Potential sub-optimal public service provision can be expected from such a condition, leading to inefficiency, if the benefits at a greater territorial scale are not acknowledged. This holds particularly true for intergovernmental fiscal relations in a decentralizing multi-tiered governmental system. Moreover, in developing countries the fiscal capacities to perform measures of ecological public functions are limited with their fiscal needs for these functions often appearing to outweigh their fiscal capacities.

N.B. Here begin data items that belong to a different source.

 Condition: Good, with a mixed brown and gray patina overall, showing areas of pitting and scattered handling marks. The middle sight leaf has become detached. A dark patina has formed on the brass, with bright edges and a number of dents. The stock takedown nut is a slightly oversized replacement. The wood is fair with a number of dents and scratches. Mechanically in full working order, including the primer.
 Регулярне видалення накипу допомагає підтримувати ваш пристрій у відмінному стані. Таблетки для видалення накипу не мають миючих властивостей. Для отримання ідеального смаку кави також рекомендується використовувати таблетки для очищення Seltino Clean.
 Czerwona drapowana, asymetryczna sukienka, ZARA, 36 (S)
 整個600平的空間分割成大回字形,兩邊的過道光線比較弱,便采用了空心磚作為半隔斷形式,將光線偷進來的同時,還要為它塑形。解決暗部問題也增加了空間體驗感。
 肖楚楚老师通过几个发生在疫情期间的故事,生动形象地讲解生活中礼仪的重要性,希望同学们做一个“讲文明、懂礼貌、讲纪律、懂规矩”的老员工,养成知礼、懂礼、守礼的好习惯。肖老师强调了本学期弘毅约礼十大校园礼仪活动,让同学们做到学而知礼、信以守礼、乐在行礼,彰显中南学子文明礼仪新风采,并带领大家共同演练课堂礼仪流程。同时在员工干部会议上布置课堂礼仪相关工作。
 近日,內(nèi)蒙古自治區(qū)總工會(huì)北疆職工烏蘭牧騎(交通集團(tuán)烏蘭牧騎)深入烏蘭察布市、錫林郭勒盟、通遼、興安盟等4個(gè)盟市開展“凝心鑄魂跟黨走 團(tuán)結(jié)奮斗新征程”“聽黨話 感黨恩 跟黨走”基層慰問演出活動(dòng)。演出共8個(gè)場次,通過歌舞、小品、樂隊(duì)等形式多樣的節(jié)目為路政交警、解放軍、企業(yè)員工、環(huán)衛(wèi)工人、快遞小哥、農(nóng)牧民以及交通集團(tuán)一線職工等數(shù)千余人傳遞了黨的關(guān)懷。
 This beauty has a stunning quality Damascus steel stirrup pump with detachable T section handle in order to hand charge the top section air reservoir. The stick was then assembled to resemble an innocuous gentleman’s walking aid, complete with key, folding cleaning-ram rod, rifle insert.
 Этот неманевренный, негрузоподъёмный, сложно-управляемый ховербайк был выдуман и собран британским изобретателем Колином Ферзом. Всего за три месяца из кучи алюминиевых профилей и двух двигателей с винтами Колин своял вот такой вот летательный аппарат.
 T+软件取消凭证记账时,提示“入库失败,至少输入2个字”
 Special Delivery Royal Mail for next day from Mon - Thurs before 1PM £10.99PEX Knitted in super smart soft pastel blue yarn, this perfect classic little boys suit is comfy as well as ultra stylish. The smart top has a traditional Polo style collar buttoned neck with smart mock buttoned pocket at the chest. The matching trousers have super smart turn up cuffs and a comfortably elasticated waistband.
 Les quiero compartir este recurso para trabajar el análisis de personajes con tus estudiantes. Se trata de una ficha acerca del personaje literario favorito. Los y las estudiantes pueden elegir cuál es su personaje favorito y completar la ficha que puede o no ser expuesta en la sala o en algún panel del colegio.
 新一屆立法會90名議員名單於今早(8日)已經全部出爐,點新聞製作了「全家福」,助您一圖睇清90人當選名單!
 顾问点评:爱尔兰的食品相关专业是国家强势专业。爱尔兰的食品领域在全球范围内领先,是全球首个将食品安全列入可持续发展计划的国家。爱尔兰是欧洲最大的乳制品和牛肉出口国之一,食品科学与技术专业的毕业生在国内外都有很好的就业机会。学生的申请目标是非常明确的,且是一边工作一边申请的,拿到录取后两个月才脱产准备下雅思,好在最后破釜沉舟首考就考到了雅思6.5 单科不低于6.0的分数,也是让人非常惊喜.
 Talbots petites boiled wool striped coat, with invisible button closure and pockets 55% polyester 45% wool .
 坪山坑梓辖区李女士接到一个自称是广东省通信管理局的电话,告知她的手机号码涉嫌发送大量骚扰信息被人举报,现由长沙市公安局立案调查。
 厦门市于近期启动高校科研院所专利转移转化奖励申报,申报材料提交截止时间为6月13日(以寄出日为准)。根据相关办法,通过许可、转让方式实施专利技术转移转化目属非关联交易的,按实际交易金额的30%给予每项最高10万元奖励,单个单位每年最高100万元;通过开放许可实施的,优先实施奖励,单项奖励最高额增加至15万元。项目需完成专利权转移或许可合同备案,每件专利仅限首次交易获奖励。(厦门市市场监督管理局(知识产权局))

Research at the interface of the economic theory of fiscal federalism, the
sustainability concept, and policies related to conservation and the environment is
relatively new. Furthermore, in the literature on environmental federalism the emphasis tends to be comparatively less on the benefits of positive environmental externalities. The essential contribution of this study is an extension of this research field that is still in its infancy by applying the specific case of Indonesia as the context, on account of this tropical country‟s ecological significance as well as its recent developments during the fiscal decentralization process. The overall aim of this study is to assess the possibilities of ecological fiscal transfers as a set of instruments in the public sector to internalize environmental externalities. To this end, the study traces the development as well as the current state of intergovernmental fiscal transfers in Indonesia in terms of ecological purposes. On the basis of this knowledge, the study offers new policy perspectives by proposing a number of policy options for ecological fiscal transfers in the context of the functioning fiscal transfer system and institutions between the national and the subnational (province and local) governments as well as among jurisdictions at the same governmental level. The incorporation of an explicit ecological indicator into general-purpose transfers is the first option. The second option is derived from a revenue-sharing arrangement. In this arrangement, two sub-options are proposed: first, shared revenues from taxes are distributed on the basis of the ecological indicator and, second, shared revenues from natural resources are earmarked for environmental purposes. Finally, the third option suggests an extension of existing specific-purpose transfers for the environment. The potential and limitations of the respective options are addressed. Additionally, a short treatment is given to the discourse on the possible mobilization of fiscal resources in the context of tropical deforestation and global climate change.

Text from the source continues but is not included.